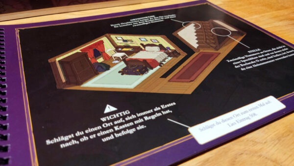 An dieser Stelle nun Props an Board Game Circus und ihren Einsatz auf ihrem Discord-Server. Gefühlt wird hier 24/7 geholfen und das auf wirklich coole und persönliche Art. Genial. Der größte Tipp ist aber folgender: Notizen machen. Selbst, wenn anfänglich gemeint wäre, etwas wäre banal. Witchbound fängt nicht in der Wildnis abseits des Dorfes an. Innerhalb des Dorfes lauert extrem viel. Der Fortschritt ist auch nicht linear über die Orte nach ihrer Erkundung verteilt. Nein, hier wird und muss hin und hergewandert werden. Hier in die Wildnis, dann ins Dorf, dort wieder ein Geheimnis lüften, dann mit einer Person sprechen, die eigentlich sehr früh bekannt ist, und wieder in die Wildnis. Die Reise in Witchbound ist enorm breit aufgestellt und selbst mit nur wenigen Aktionen übersieht man viel. Ohne Notizen gibt es definitiv einen Overload an Schlüsselwörtern, Orten und Personen. Plötzlich brach der Spielspaß durch. In Ruhe, ohne Hast, mit den Menschen sprechen, die Orte noch einmal genauer anschauen.
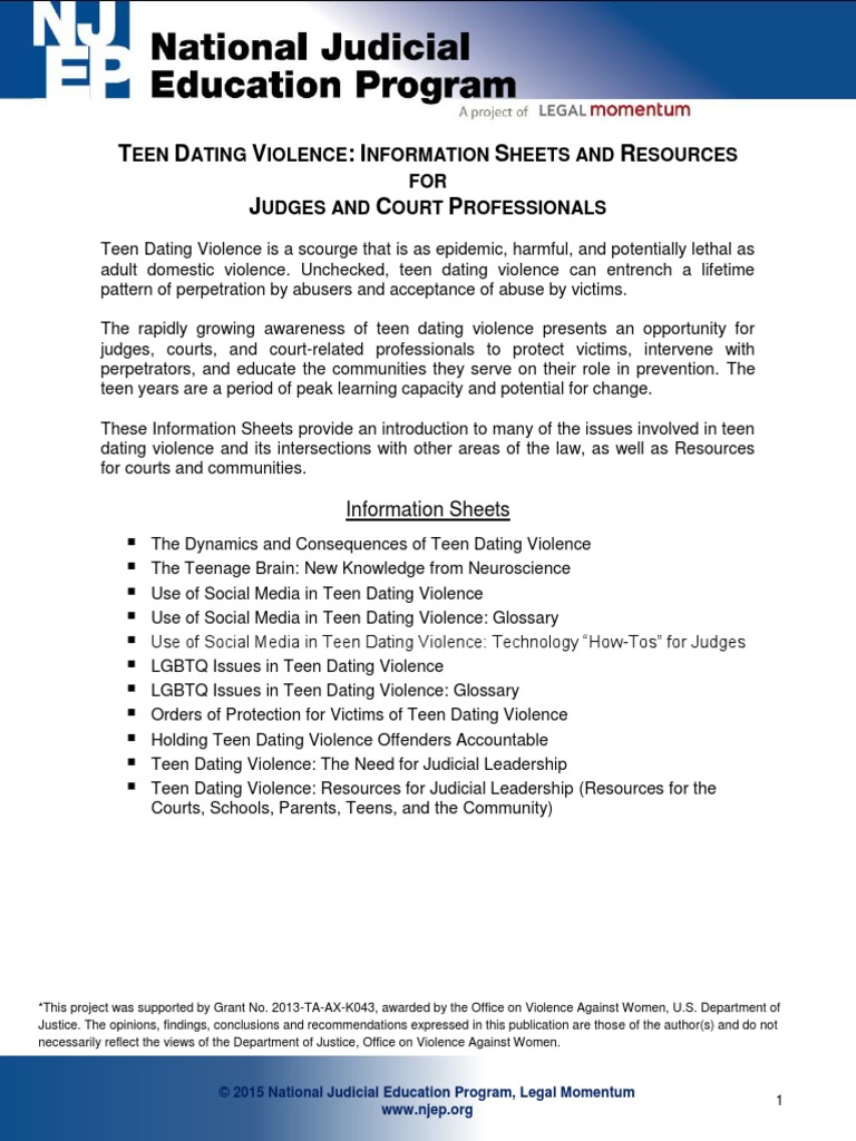 Teen Dating Violence: Information Sheets and Resources For Judges and Court Professionals
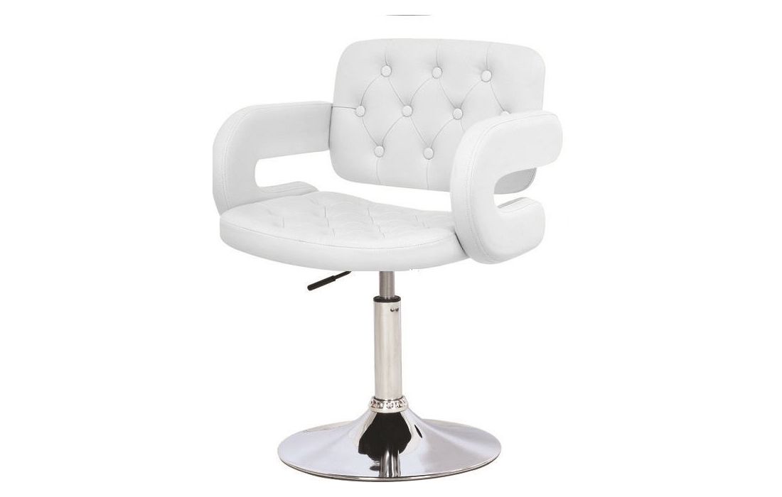 Cadeirão giratório com estrutura em metal cromado, assento e costa em pele sintética de cor branco ou preto.
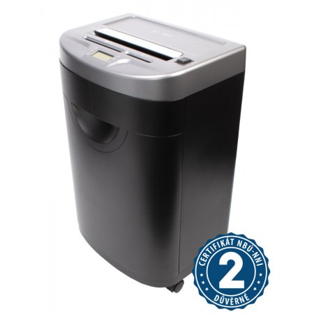 Kvalitní skartovací stroj atraktivního designu, s vysokým stupněm utajení skartovaného materiálu. Vhodný pro kanceláře a úřady. Skartovač je vybaven bezpečnostní funkcí Safe Touch, která zastaví stroj při dotyku vstupní štěrbiny rukou. LCD display ke kontrole zapnutých funkcí. Stroj je standardně vybaven automatickým systémem start/stop, zpětným chodem, tepelnou pojistkou motoru proti přehřátí, signalizací přeplněného koše. Příležitostně lze skartovat sešívací sponky. Samostatný vstup na kreditní karty nebo CD. Tichý chod stroje-55 dB. Lehce vyprázdnitelná odpadní nádoba o objemu 35 l. Skartuje naráz až 15 listů A4, 70g. Stupeň utajení NNI2 důvěrné. Součástí stroje jsou pojezdová kolečka.

....................

■ Directions for this task
The job is to set down the whole listing exactly, excluding any images.

■ Task response
 An dieser Stelle nun Props an Board Game Circus und ihren Einsatz auf ihrem Discord-Server. Gefühlt wird hier 24/7 geholfen und das auf wirklich coole und persönliche Art. Genial. Der größte Tipp ist aber folgender: Notizen machen. Selbst, wenn anfänglich gemeint wäre, etwas wäre banal. Witchbound fängt nicht in der Wildnis abseits des Dorfes an. Innerhalb des Dorfes lauert extrem viel. Der Fortschritt ist auch nicht linear über die Orte nach ihrer Erkundung verteilt. Nein, hier wird und muss hin und hergewandert werden. Hier in die Wildnis, dann ins Dorf, dort wieder ein Geheimnis lüften, dann mit einer Person sprechen, die eigentlich sehr früh bekannt ist, und wieder in die Wildnis. Die Reise in Witchbound ist enorm breit aufgestellt und selbst mit nur wenigen Aktionen übersieht man viel. Ohne Notizen gibt es definitiv einen Overload an Schlüsselwörtern, Orten und Personen. Plötzlich brach der Spielspaß durch. In Ruhe, ohne Hast, mit den Menschen sprechen, die Orte noch einmal genauer anschauen.
 Teen Dating Violence: Information Sheets and Resources For Judges and Court Professionals
 Cadeirão giratório com estrutura em metal cromado, assento e costa em pele sintética de cor branco ou preto.
 Kvalitní skartovací stroj atraktivního designu, s vysokým stupněm utajení skartovaného materiálu. Vhodný pro kanceláře a úřady. Skartovač je vybaven bezpečnostní funkcí Safe Touch, která zastaví stroj při dotyku vstupní štěrbiny rukou. LCD display ke kontrole zapnutých funkcí. Stroj je standardně vybaven automatickým systémem start/stop, zpětným chodem, tepelnou pojistkou motoru proti přehřátí, signalizací přeplněného koše. Příležitostně lze skartovat sešívací sponky. Samostatný vstup na kreditní karty nebo CD. Tichý chod stroje-55 dB. Lehce vyprázdnitelná odpadní nádoba o objemu 35 l. Skartuje naráz až 15 listů A4, 70g. Stupeň utajení NNI2 důvěrné. Součástí stroje jsou pojezdová kolečka.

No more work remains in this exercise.